Третье: я не мог оторваться от чтения; рассказ захватывал меня, покорял.
Временно я подчинился этому последнему пункту.
Я должен был продолжать читать и не спешить; мне нужно было получить полную информацию, прежде чем поднять тревогу.
Оставалась еще слабая надежда, что по той или иной причине Астигаррага не смог осуществить на практике свои планы мести и что убийство Аулкичо, например, совершено кем-то другим.
Невероятно, я это знал, но возможно.
А кто, черт возьми, мог быть этот последний отравитель, туз в рукаве, этот выдающийся политик-националист?
Хотя и логично предположить, что больше всего мне хотелось покарать дядю Пачи, заняться им в первую очередь было сложно из-за его положения подпольного этарры во Франции.
Кресенсио был гораздо больше под рукой и более доступен, учитывая наши с ним добрые эротико-мистические отношения.
И кроме того, расправиться с ним мне хотелось лишь немного меньше, чем с дядей Пачи.
Однако прежде, чем начать осуществлять столь часто представлявшуюся мне в воображении месть, я постарался спокойно решить некоторые вопросы личной жизни, как, например, получить водительские права или образование.
В отношении этого последнего вопроса я рассудил, что, чтобы смешаться со столь разноперым стадом, мне неплохо было бы получить ту культурную подготовку, какой мне не хватало в восемнадцать лет. В Эспасе я купил полную энциклопедию. Я потратил пять лет на то, чтоб лихорадочно прочесть каждую из ее страниц.

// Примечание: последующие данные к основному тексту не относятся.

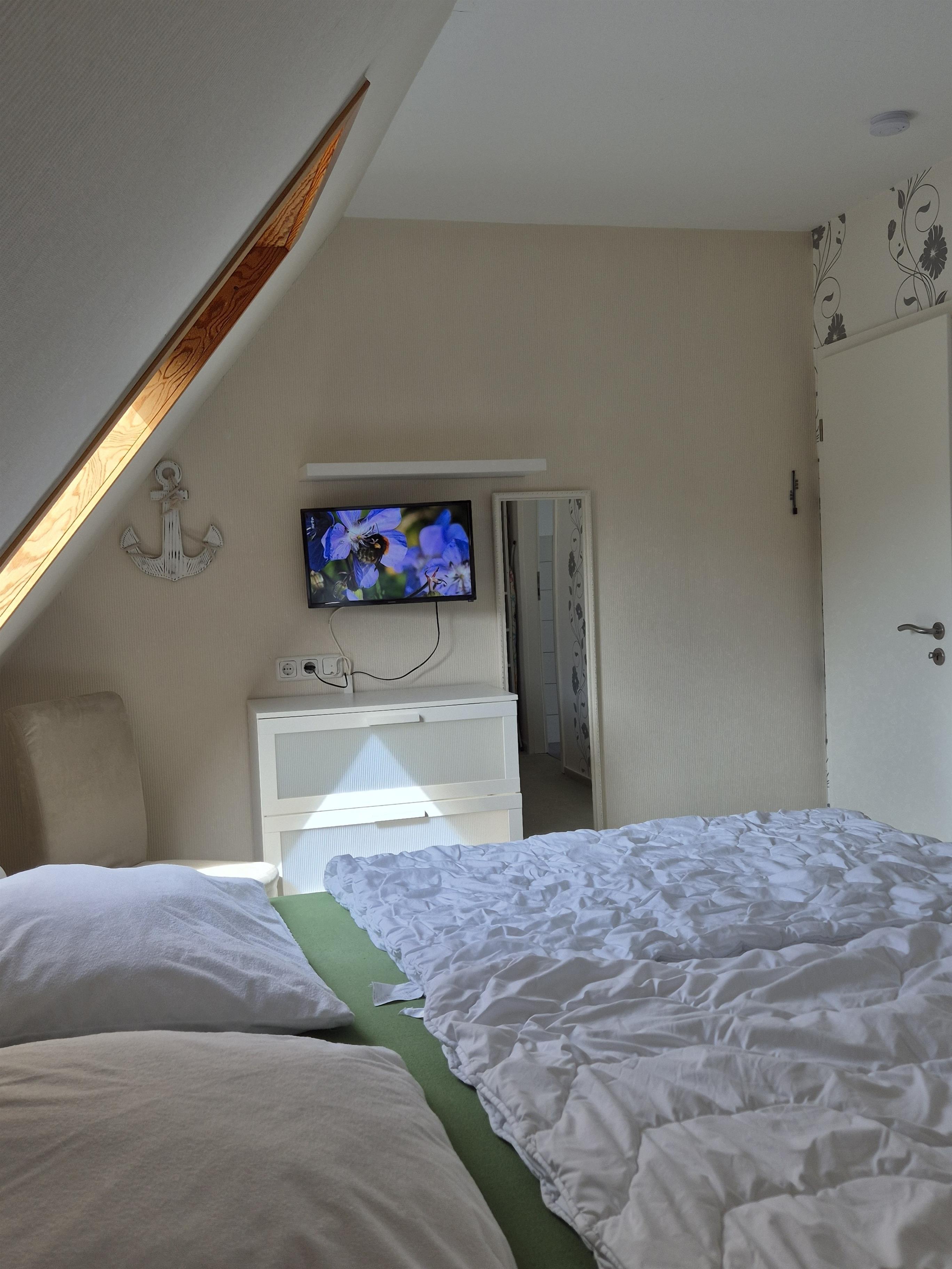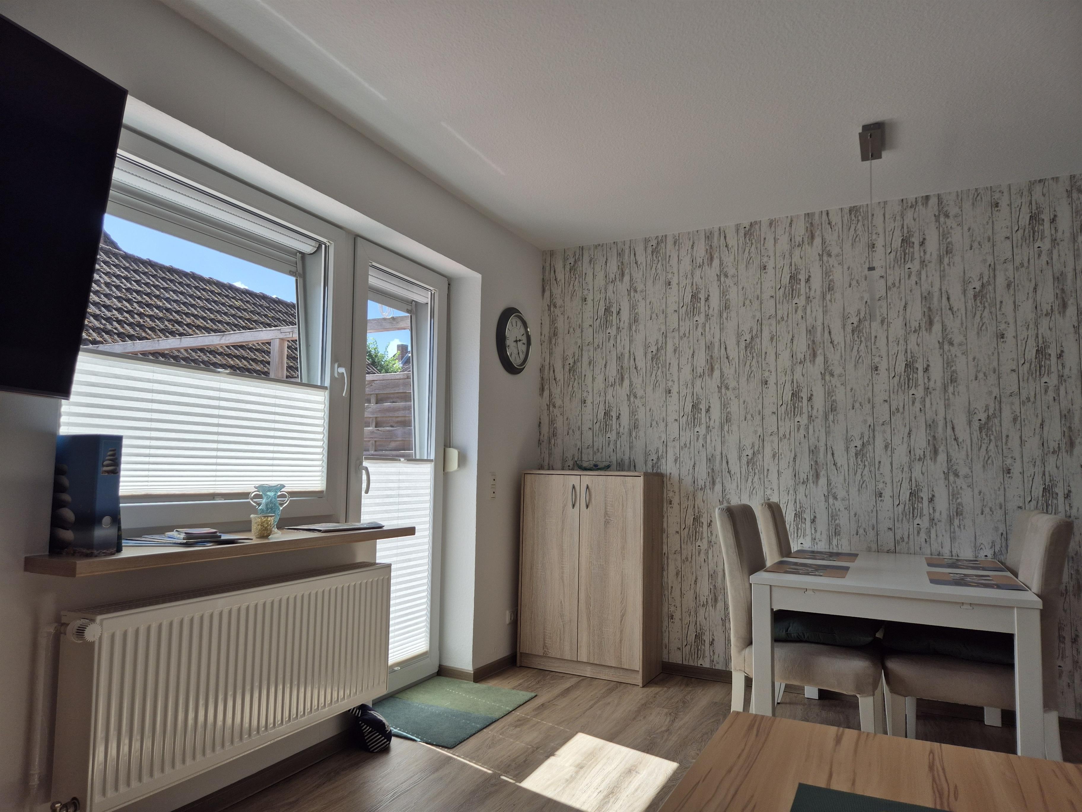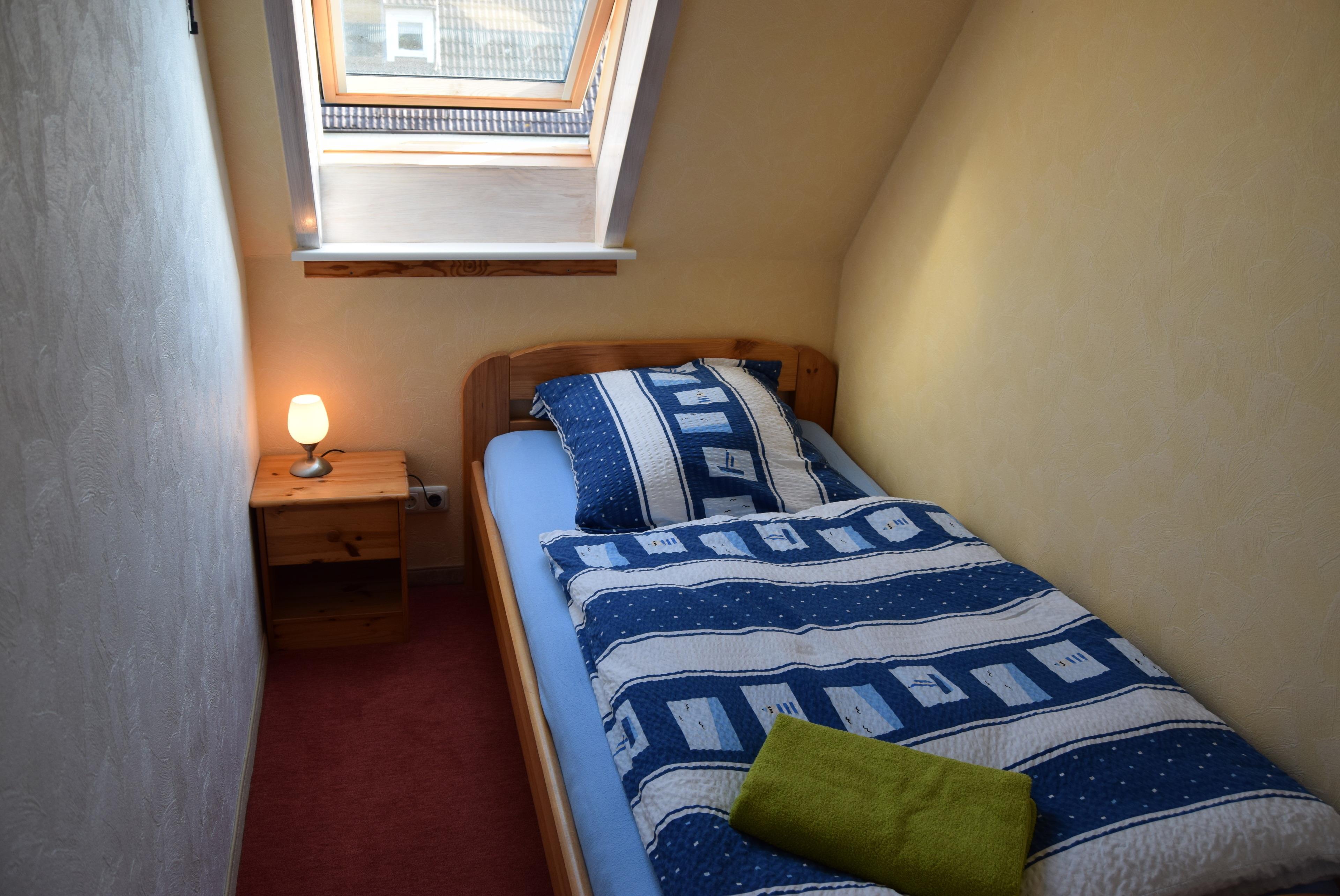 Im Erdgeschoss ist der Wohn-/ Essbereich mit einem Flachbild TV und dem Ausgang zur Terrasse. Eine gut ausgestattete separate Küche, sowie ein Duschbad mit WC. Im Obergeschoss befinden sich ein Wannenbad mit WC und zwei Schlafräume. Der große Schlafraum hat ein Doppelbett(180x200cm) und einen Flachbild TV, der kleine Schlafraum ein Einzelbett (100x200cm).

Были и другие насущные дела, не терпящие отлагательств, – например, перестать быть девственником.
Я воспользовался случаем и во время короткой поездки в Барселону сдал этот экзамен.
Я жаждал увидеть выступление Бланки Эреси в «Эль-Лисео». Я достал билет в один из первых рядов и проглотил «Богему» целиком. Бланка исполняла главную женскую партию, нежнейшую Мими (я не мог сдержать слезы в сцене, где она умирает). Достигнув зрелости, она превратилась в красивую женщину с определенной склонностью к полноте, как это случается со многими оперными певицами. Она показалась мне чрезвычайно привлекательной.
Ей много аплодировали, вероятно, у нее был хороший голос (признаюсь в своей невежественной нечувствительности к опере. Грудное «до» звучит для меня почти так же, как корабельная сирена).
Причина моего появления в качестве зрителя, в ожидании момента, когда настанет черед нашей личной встречи, коренилась в том, что я хотел сделать свою ненависть более конкретной, применить ее к современному физическому образу, а не к смутному воспоминанию о молоденькой девушке из 1962 года.
Ту же процедуру я применил и к Йосеану Аулкичо.
Однажды в воскресенье я пришел на стадион «Сан Мамес». «Атлетик» Бильбао играла на домашнем поле против мадридского «Реала».
Почти в конце матча Йосеан забил головой потрясающий гол, определивший победу «Атлетик» и вызвавший восторженные вопли болельщиков.
Аулкичо был настоящим баском, народным героем, очень любимым в Бильбао.
Но вернемся в Барселону: по выходе из оперы я бродил по соседнему китайскому кварталу.
Видимо, недавно пришвартовалось судно североамериканской Армады, и повсюду бродили моряки со шлюхами.
Мне было из чего выбирать.
Мне понравилась одна высокая блондинка, прогуливавшаяся у входа в бар; она была очень хороша.
Однако, вопреки моей сознательной воле, ноги увели меня прочь от блондинки, к другой проститутке, обслуживавшей клиентов в таверне. Это была женщина лет сорока, неприятная, увядшая и толстая, довольно толстая.
Она отказалась снять огромный черный лифчик. Она также оставила на себе ужасные чулки длиной до колен. Ей было все равно, что я не хотел надевать презерватив.
Я лишился девственности стремительно и прозаически, в гостиничной каморке, освещаемой красной лампочкой в несколько ватт.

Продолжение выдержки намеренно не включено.